Single by Bull Moose Jackson
- B-side: "I Needed You"
- Released: 1952
- Genre: Rhythm and blues, dirty blues
- Label: King
- Songwriter: Fred Weismantel

= Big Ten Inch Record =

1952 rhythm and blues song

"Big Ten Inch Record", also known as "Big Ten-Inch (Record of the Blues)", is a rhythm and blues song written by Fred Weismantel. It was first recorded in 1952 by Bull Moose Jackson and released by King Records, originally on 10" 78, the most popular format at the time. The song was later covered by Aerosmith and released as part of the 1975 album, Toys in the Attic. It has been rated as one of the best double entendre songs of all time.

==Versions==
===Bull Moose Jackson===
The original version of the song was performed by Bull Moose Jackson. It was released in 1952 on King Records as disc 4580. Jackson was backed on the recording by Tiny Bradshaw's Orchestra. The song was not a hit, reportedly due to the fact that it was "too suggestive" and "radio stations wouldn't touch it".

Jackson stopped performing in the 1960s and worked as a food service worker in Washington, D.C. In the 1980s, his popularity was revived after a Pennsylvania band, The Flashcats, began playing "Big Ten Inch Record" at their shows and invited Jackson to perform with them.

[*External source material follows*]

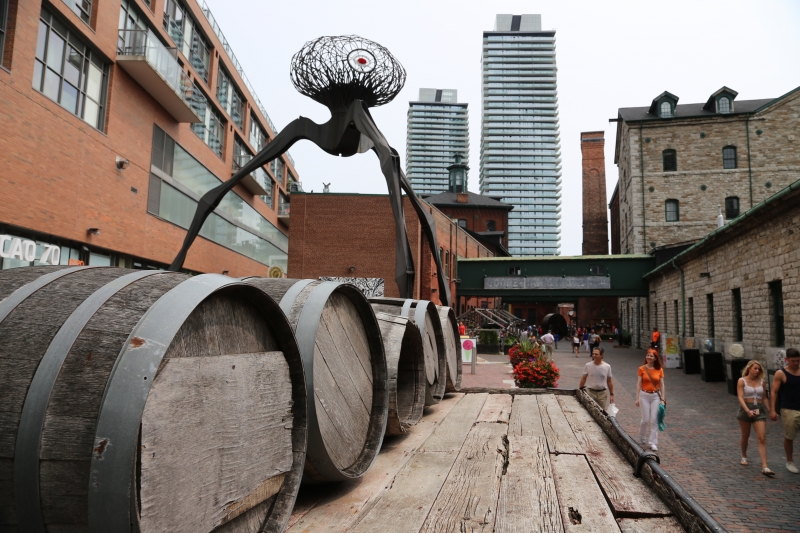 The next stop was the Distillery Historic District.  It is about a twenty minute hike from the St. Lawrence Market.  The District is a group of old distillery and warehouse buildings that now house restaurants, brew pubs, art galleries, boutique clothing stores, and a performing art center.  It’s a great place to grab a bite, have a beer, and do some people watching.

Jackson's version of the song has been re-issued on multiple compilation discs, including Badman Jackson That's Me (1991), Ride, Daddy, Ride and Other Songs of Love (1991), Risque Blues: The King Anthology (2002), The Very Best of Bull Moose Jackson: Big Ten-Inch Record (2004), and The Bull Moose Jackson Collection 1945–55 (2013).

===Aerosmith===
The rock band Aerosmith covered the song on its 1975 album, Toys in the Attic. The recording was Aerosmith's second cover of rhythm and blues songs from the early 1950s, having covered "Train Kept A-Rollin'" on its 1974 album, Get Your Wings. They also covered an r&b hit from 1963, "Walking the Dog" by Rufus Thomas on their eponymous debut in 1973.

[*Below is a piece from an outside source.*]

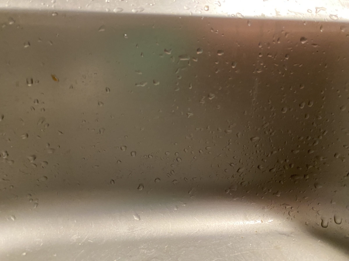 シンクの側面の撥水も落ちていました。水滴の付き具合に左右差はありません。
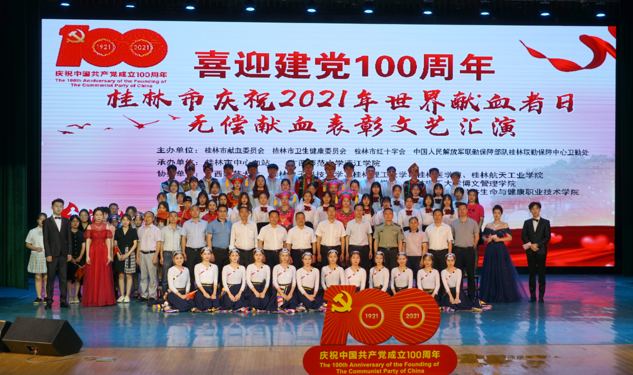 6月9日,由桂林市獻(xiàn)血委員會、桂林市衛(wèi)生健康委員會、桂林市紅十字會、中國人民解放軍聯(lián)勤保障部隊桂林聯(lián)勤保障中心衛(wèi)勤處主辦,桂林市中心血站、廣西師范大學(xué)漓江學(xué)院承辦的“喜迎建黨100周年桂林市慶祝2021年世界獻(xiàn)血者日無償獻(xiàn)血表彰文藝匯演”活動在漓江學(xué)院召開。漓江學(xué)院獲得全場唯一“全國無償獻(xiàn)血促進(jìn)獎單位獎”。

The song received mixed reviews. One critic predicted that it would be "the only Aerosmith song hoary historians and earnest teen-agers will be playing 100 years from now." On the other hand, Mark Simmons of The Austin American-Statesman called it "low humor" and opined that "the double entendre 'Big Ten Inch' goes deservedly limp."

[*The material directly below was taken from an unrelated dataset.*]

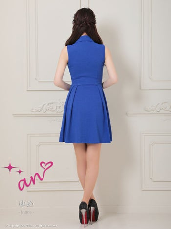 3. 【an/アン】襟付き ジャケット風 パールボタン ノースリーブ プリーツ Aライン フレアミニドレス(aoc3681)
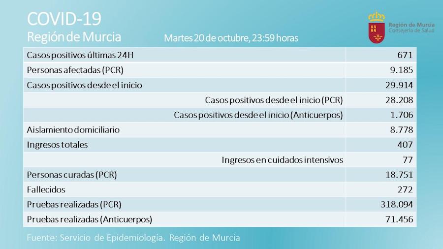 De los 671 nuevos casos, 219 corresponden al municipio de Murcia, 83 a Cartagena, 28 a Molina de Segura, 24 a Alcantarilla, 24 a San Javier, 23 a Caravaca de la Cruz, 19 a Cieza, 18 a Jumilla, 17 a Torre Pacheco, 16 a Yecla, 13 a Los Alcázares, 13 a Totana, 13 a La Unión, 12 a Alhama de Murcia, 12 a Bullas, 12 a Fuente Álamo, 10 a Ceutí, 10 a Lorca, 9 a Mula, 8 a Archena y a Cehegín, 7 a Águilas, 5 a Abarán, a Fortuna, a Mazarrón y a Santomera. El resto están repartidos entre diversas localidades.

While it was omitted from Greatest Hits in 1980, the song has since been re-issued on multiple Aerosmith compilations, including Pandora's Box (1991), Aerosmith's Greatest Hits 1973–1988 (2001), O, Yeah! Ultimate Aerosmith Hits (2002), and The Essential Aerosmith (2011).

===Additional covers===
In addition to Aerosmith, the song has also been covered by other artists, including Sugar Blue and Marshall Crenshaw, Al Copley, Blerta, The Roadrunners, Dana Gillespie, and Candye Kane.

==Lyrics and double entendre==
On its face, the song describes the reaction of the singer's girlfriend when he plays his latest ten-inch record. However, by the repeated use of a pregnant pause prior to the word "record", the song suggests that the woman is excited not by the record but by the narrator's penis. The following passage is typical:
Got me the strangest woman
Believe it, this chick's no cinch
But I really get her goin'
When I take out my Big Ten Inch
Record of the band that plays the blues

In The History of Rock & Roll, Ed Ward called the song "a masterpiece of double entendre and timing". Although the song's lyrics are written in the form of an "extended sexual metaphor", they have been cited as part of a trend toward more "open sexuality" in rhythm and blues music of the early 1950s.

In 2014, Salon rated Aerosmith's "Big Ten Inch Record'" as one of the 19 greatest double entendre songs of all time.